---- Source material

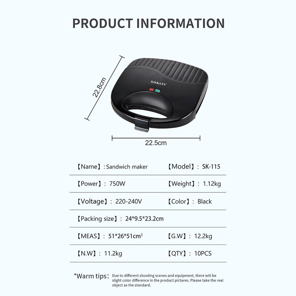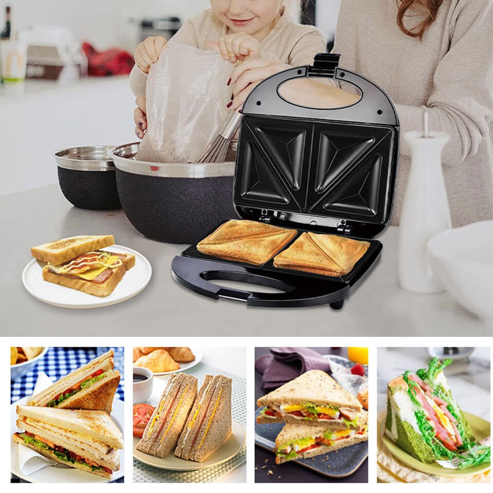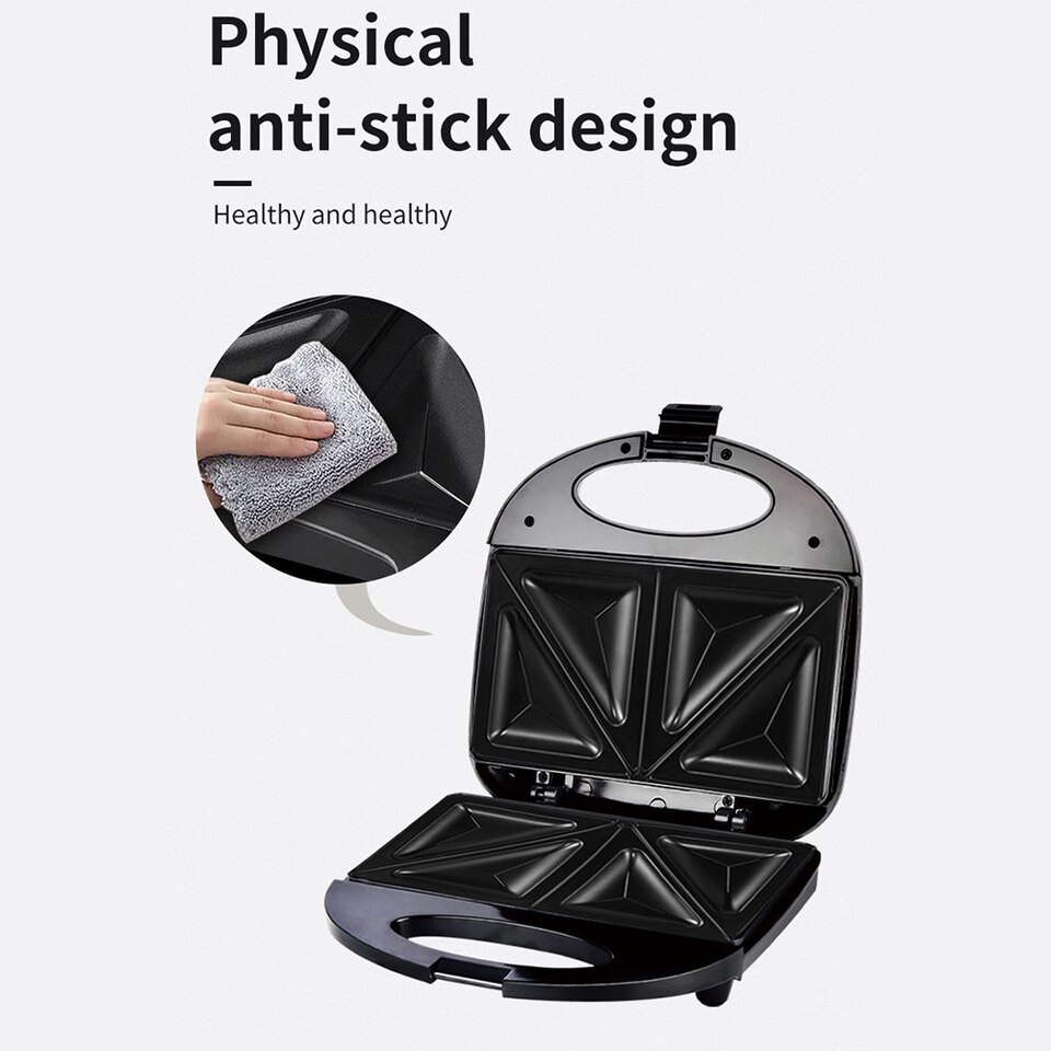 Feature: 1. Safe: due to the use of heat-resistant handle and anti-slip foot, the design ensures maximum safety. 2. Non-stick: high-quality non-stick coating plate ensures fast and easy cleaning after use. In addition, you can store this sandwich grill combination device horizontally and vertically, so you can always store your items in a space-saving way. 3. Multi-functional: You can use the sandwich machine to make delicious sandwiches, delicious toast and cheese sandwiches. 4. Easy to clean: very suitable for enjoying the perfect sandwich. Very easy to use sandwich toaster. The non-stick coating ensures easy cleaning. 5. Applicable occasions: suitable for family use, kitchen gadgets, making different kinds of sandwiches for children, and can also be used in dessert shops, bakeries and other places.
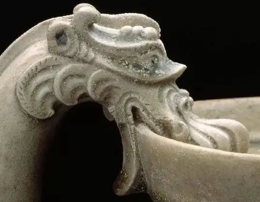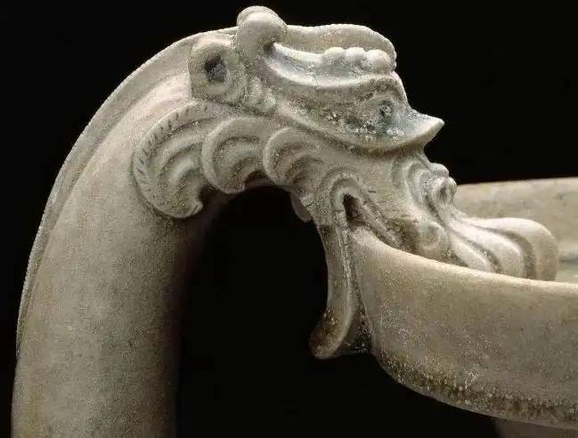 整体造型:壶为盘口,长颈,溜肩,圆腹,平底。壶身一侧设有造型独特的龙形柄,龙首探入壶口,仿佛在饮水,龙身弯曲成柄状,富有动感;另一侧塑有鸡头形流口,鸡头造型写实,鸡冠高耸,眼睛圆睁,喙部微张 。整体造型修长且富有变化,相较于西晋时期的鸡头壶,更显精致和灵动。
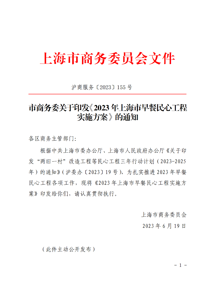 根据中共上海市委办公厅、上海市人民政府办公厅《关于印发“两旧一村”改造工程等民心工程三年行动计划(2023-2025年)的通知》(沪委办〔2023〕19号),为扎实推进2023年早餐民心工程各项工作,现将《2023年上海市早餐民心工程实施方案》印发给你们,请认真贯彻执行。
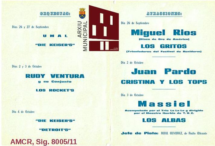 Las actuaciones abarcaban los días 26 y 27 de septiembre, 2, 3 y 4 de octubre en las que había orquestas y atracciones. Entre las primeras actuaron la orquesta Umal, Die Keiser’s, Rudy Ventura, Los Rocket’s y Detroit’s, que reunían a gran cantidad de crevillentinos y crevillentinas que ocupaban el patio del instituto a modo de pista de baile, adonde las señoras acudían con traje largo y los señores vestían de etiqueta.
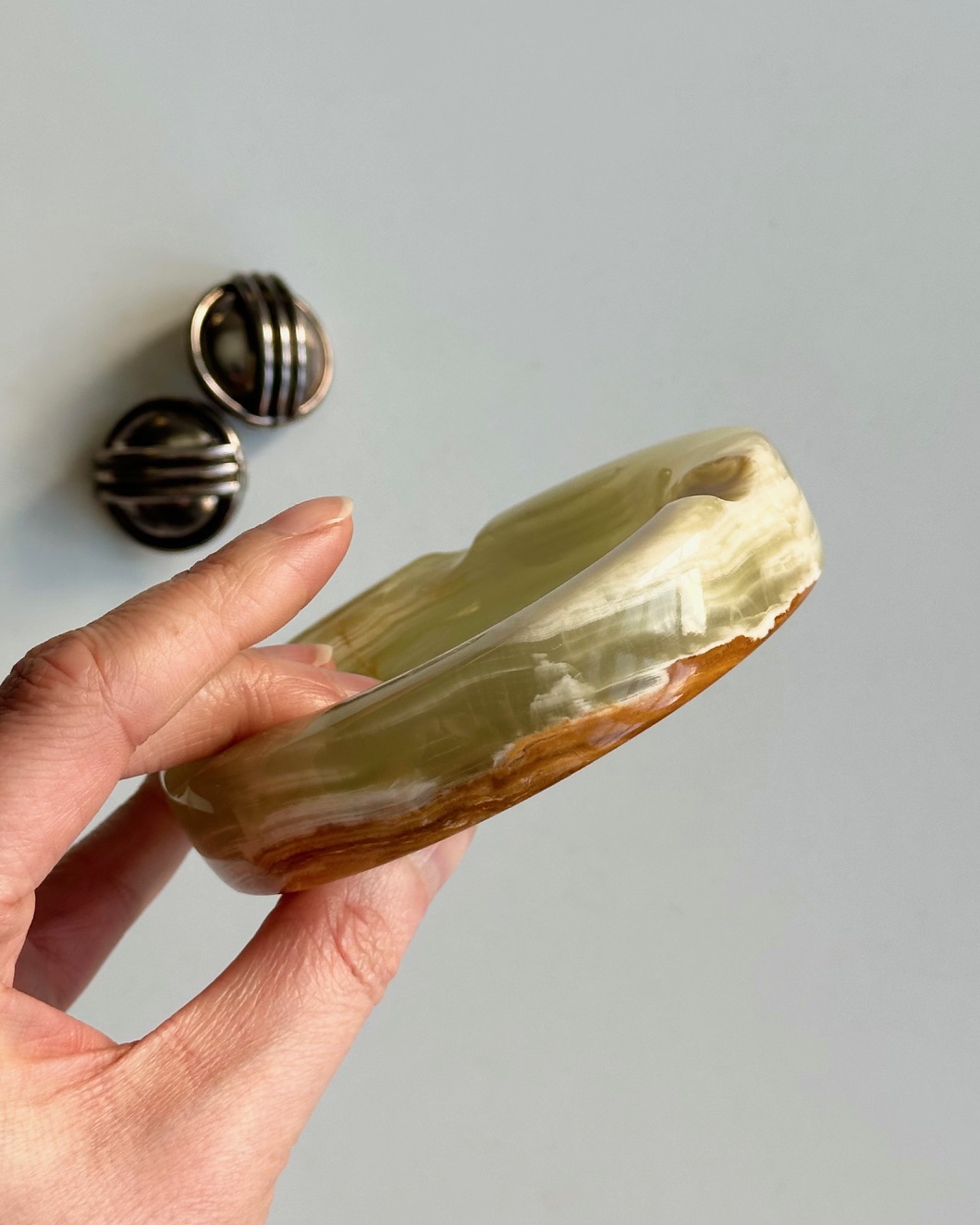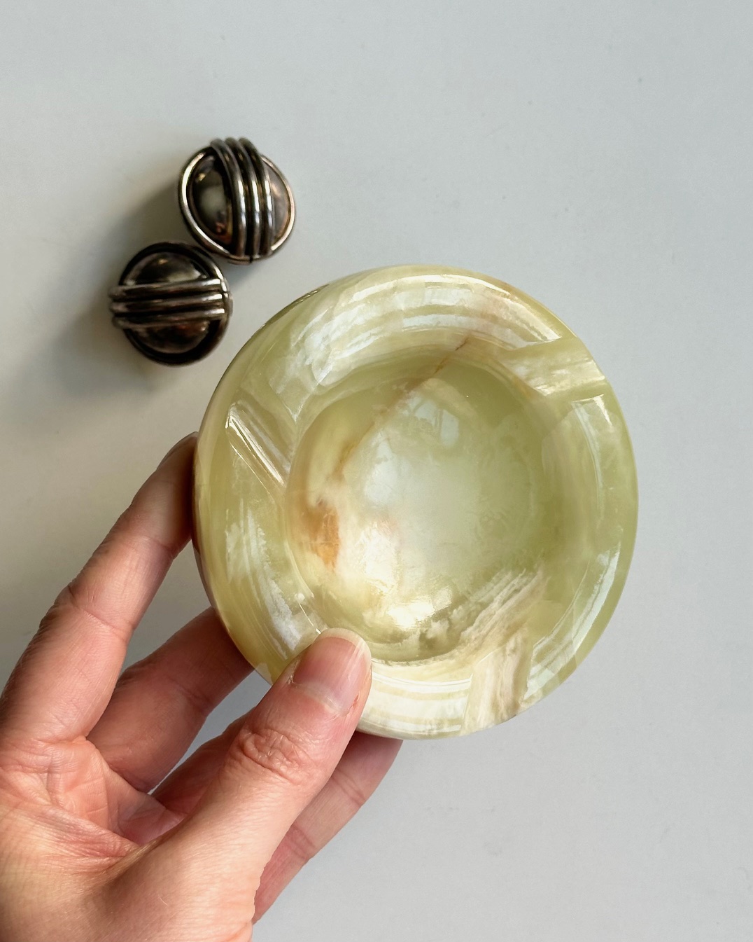 Smuk lille stenskål til smykker, olivensten osv
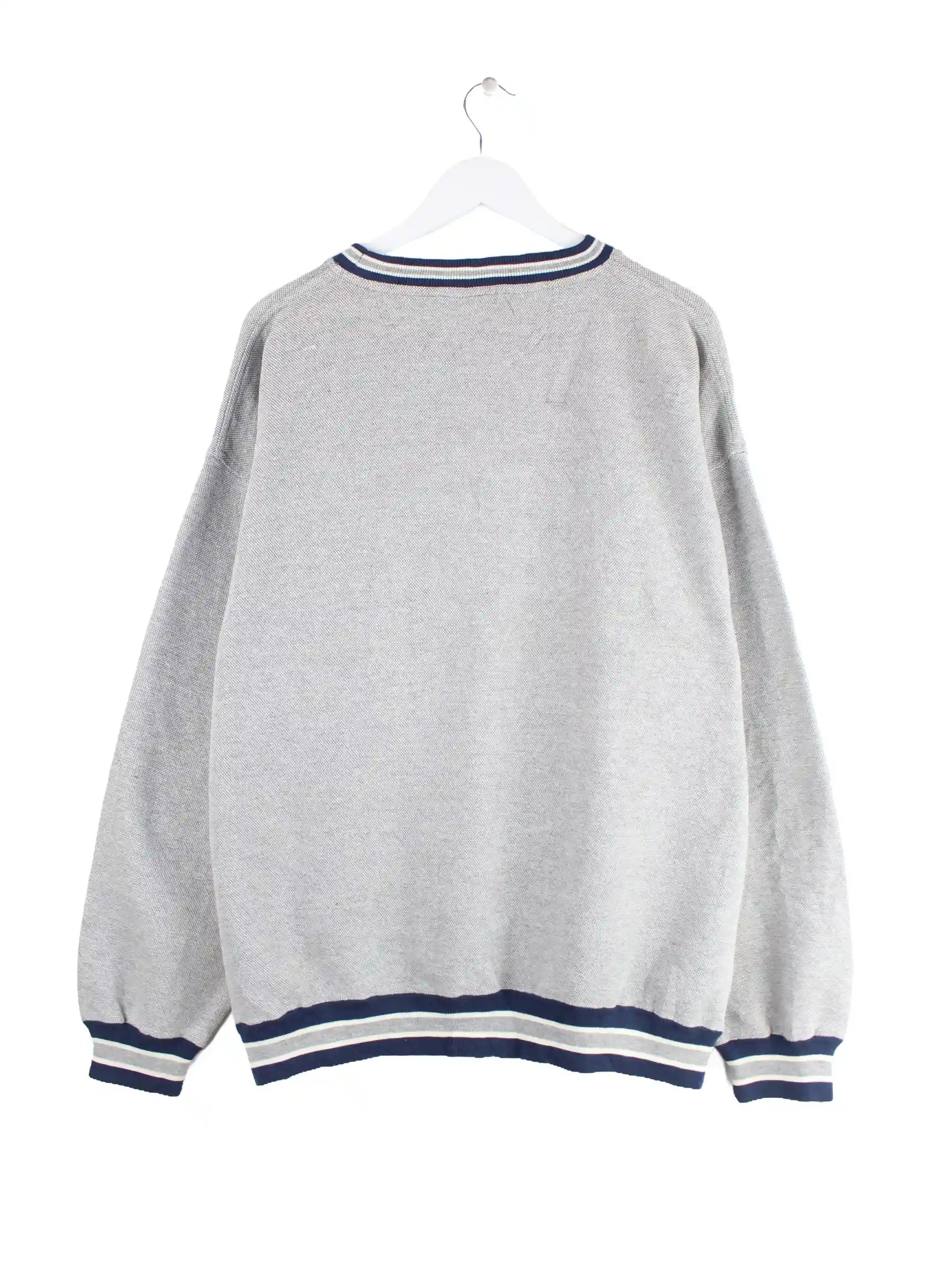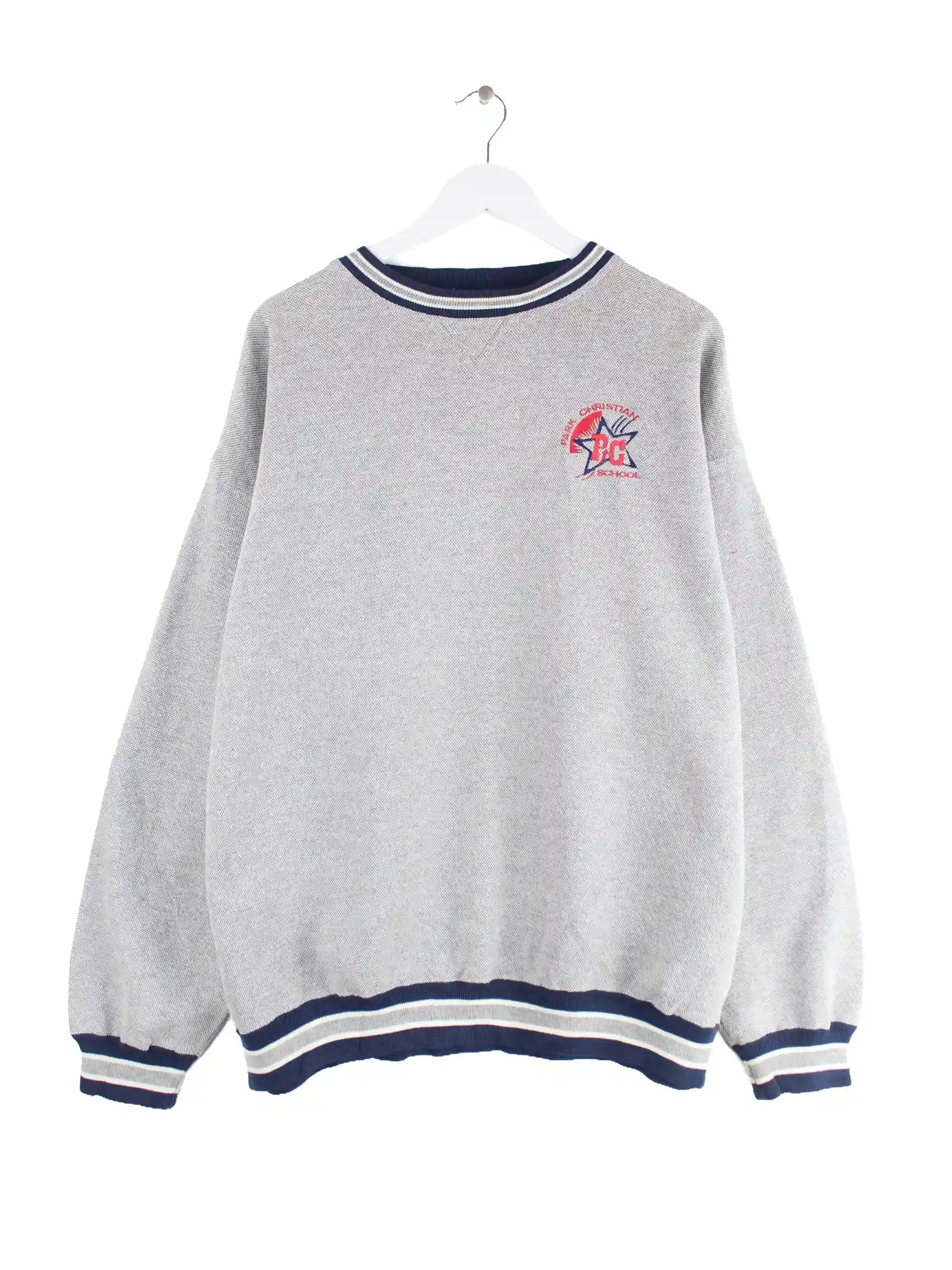 Vintage Sweater in Größe XL. Er ist aus einer Baumwollmischung produziert und in Grau vorrätig.

--------

## Work task
Set down, exactly as written, each line from the one that contains "Las actuaciones abarcaban" to the last line of the records, but none of the pictures.

## Result for this exercise
 Las actuaciones abarcaban los días 26 y 27 de septiembre, 2, 3 y 4 de octubre en las que había orquestas y atracciones. Entre las primeras actuaron la orquesta Umal, Die Keiser’s, Rudy Ventura, Los Rocket’s y Detroit’s, que reunían a gran cantidad de crevillentinos y crevillentinas que ocupaban el patio del instituto a modo de pista de baile, adonde las señoras acudían con traje largo y los señores vestían de etiqueta.
 Smuk lille stenskål til smykker, olivensten osv
 Vintage Sweater in Größe XL. Er ist aus einer Baumwollmischung produziert und in Grau vorrätig.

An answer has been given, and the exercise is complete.